Norway’s Labour Party (Arbeiderpartiet) is partially following its own advice to revamp the membership of the Norwegian Nobel Committee, by naming Berit Reiss-Andersen to one of its allotted committee positions. In doing so, the party is reaching outside the ranks of its own top political leadership, following debate over the committee’s independence.
Newspaper Dagens Næringsliv (DN) reported on Thursday that Labour’s parliamentary leader, Helga Pedersen, had confirmed that Reiss-Andersen was selected to be its newest representative on the Nobel Committee, which selects the winners of the Nobel Peace Prize. The committee, under terms of Alfred Nobel’s will, is to be named by the Norwegian Parliament and thus has generally reflected the parliament’s make-up over the years. That’s why two of the committee’s five positions currently are filled by people recommended by Labour, given Labour’s standing in parliament after the last election. Reiss-Andersen will replace Sissel Rønbeck, a former government minister for Labour and Member of Parliament and longtime Nobel Committee member, whose term was up.
Reiss-Andersen has had strong ties to Labour and served as a state secretary in the Justice Ministry in the mid-1990s, but she’s never held elected office. Her appointment, reported DN, marks the first time in 30 years that Labour has named someone to the Nobel Committee who is not part of the central party leadership or holds a top position within the trade union confederation (LO)
Instead Reiss-Andersen has emerged over the past several years as a highly respected criminal lawyer, active in many high-profile cases and qualified to represent clients before Norway’s Supreme Court.
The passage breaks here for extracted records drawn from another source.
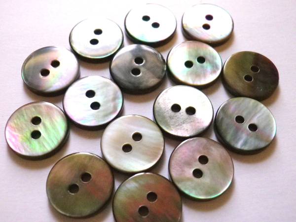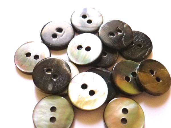 | 最高品質 黒蝶貝 ボタン まっ平ら 2ツ穴 №100 13mm 15個 | |||
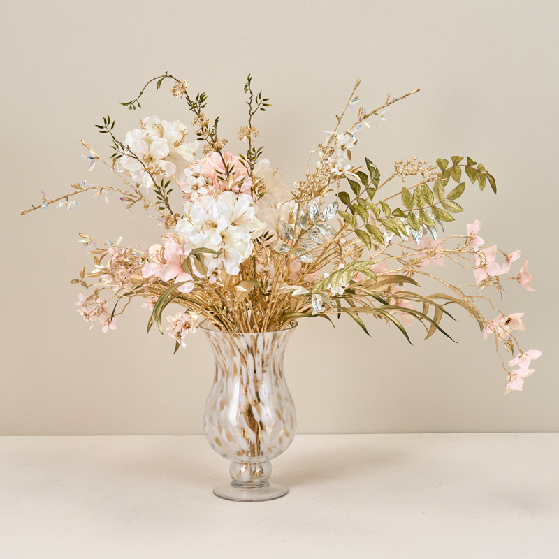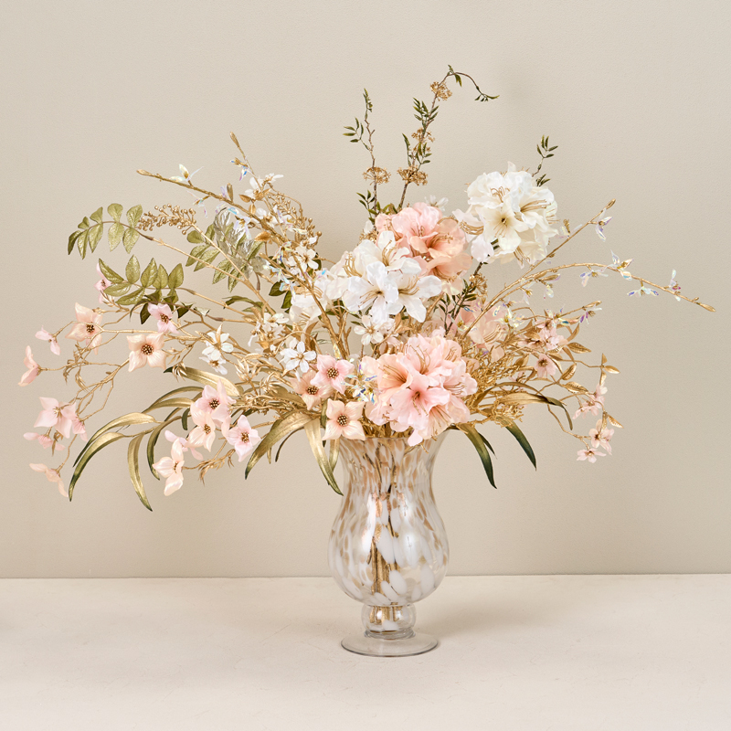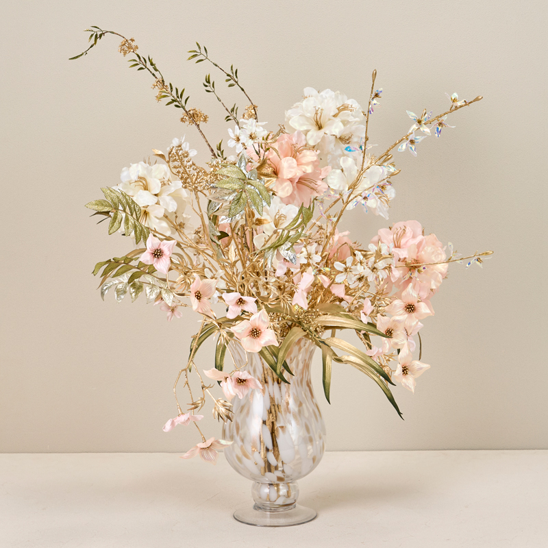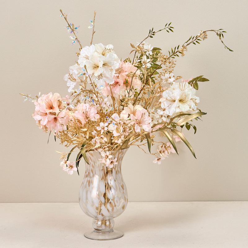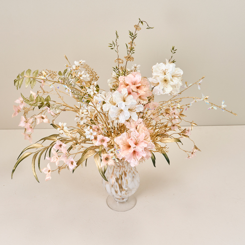 コメント | 上品な光沢のあるホワイトとピンクのお花にゴールドを合わせてより華やかさをプラスしています。 |
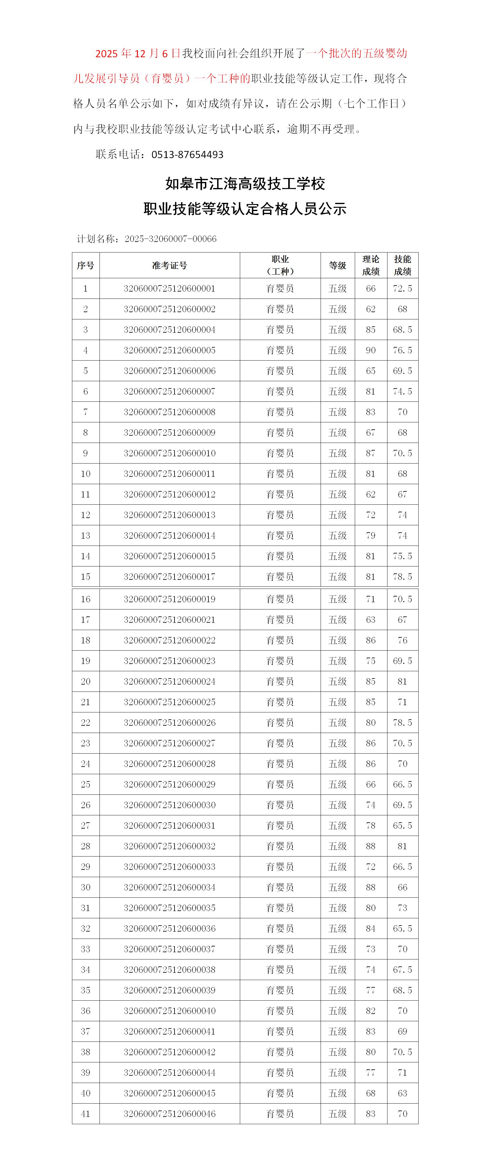 2025-32060007-00066批次職業(yè)技能等級認(rèn)定合格人員公示

She also currently serves as head of Advokatforeningen (The Norwegian Bar Association) and once co-authored two popular crime novels with leading Norwegian author Anne Holt.
Reiss-Andersen’s Nobel appointment follows months of debate over the make-up and independence of the Norwegian Nobel Committee. China, furious over last year’s Peace Prize to jailed Chinese dissident Liu Xiaobo, has blamed the Norwegian government for the prize and all but frozen diplomatic relations with Norway, despite the government’s insistence that it had and has no influence over who wins the prize. That decision is left strictly to the committee, which also has members from three other parties in Parliament: the Conservatives, the Progress Party and the Socialist Left party (SV). The term of the committee member who can be appointed by the Progress Party, given its standing in parliament, was also up this year, but party leader Siv Jensen told DN that Inger-Marie Ytterhorn would continue in the post.
Labour, shaken by China’s vociferous response to last year’s prize, clearly has been reconsidering its appointment process. Party secretary Raymond Johansen made what he described as a “personal” call for changes in the committee’s composition earlier this autumn, saying he “could understand” that it could be “difficult” to view the committee as completely independent of the Norwegian government. Reiss-Andersen’s appointment symbolizes such a change.
Labour’s Helga Pedersen called Reiss-Andersen, age 57, “a person with political integrity, personal integrity and great talent.” She noted, however, that Reiss-Andersen was “clearly anchored in Norwegian politics,” calling that “an important qualification.” That indicates that politics continue to play a role in the committee selection, if not in the selection of the actual Peace Prize winners.